Mike: We're all bastards and monsters and we deserve to die.

Linda: That sounds super, Mike. Well, it looks like we're hitting the end of our interview, any closing thoughts gentlemen?

Larry: See you gamers in Petstoretopia!

Mike: Sweet, sweet Drano, my only friend.

Linda: Great, guys, thanks for the interview! This has been Linda Fontaine with the Gaming Report. Remember when you're craving some information, don't just settle for facts, make sure to get the Facts™! Only at the Gaming Report.


Mike: Sweet, sweet Drano, my only friend.


The words, they scare me. I'm guessing you are not completely enthralled by the state of the industry.

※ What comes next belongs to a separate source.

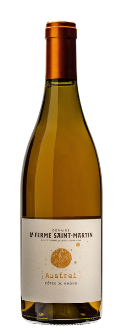 Zoals bij de orange wine van Saint-Martin: van druif roussanne mét schilinweking, voor het oranjeeffect, en clairette en grenache blanc zónder, voor het zonnig kruidige Zuid-Franse-witte-wijn-effect. Eindelijk een orange wine waarbij je niet beleefd ‘interessant’ prevelt, maar die je oprecht laat genieten, spannend en meeslepend lekker. Het beste van twee werelden.

Nice writing, though. Game designers everywhere are speed-dialing their lawyers for restraining orders today.

Funny article. Also, slapping imps in Dungeon Keeper was fun.

My sides, they are splitting!

Bwhahahahaha! Sweet, sweet drano. Genius.

Prozac is your friend.

JimmDogg wrote:
Mike: Sweet, sweet Drano, my only friend.


This is beyond gold, man!

Gorilla.800.lbs wrote:
JimmDogg wrote:
Mike: Sweet, sweet Drano, my only friend.


This is beyond gold, man!


That was twisted. And silly. I like it.

Mike is funny

Cloke wrote:
Gorilla.800.lbs wrote:
JimmDogg wrote:
Mike: Sweet, sweet Drano, my only friend.


This is beyond gold, man!


This article is worth at least 10 bars of gold-pressed latinum.

That was awesome!

Nice interview Pyro. One can only assume Mike has spent a good deal of time at EA to come out of it with the taste of drano on his lips.

In other news. Prison Tycoon? WTF? Has the world gone mad?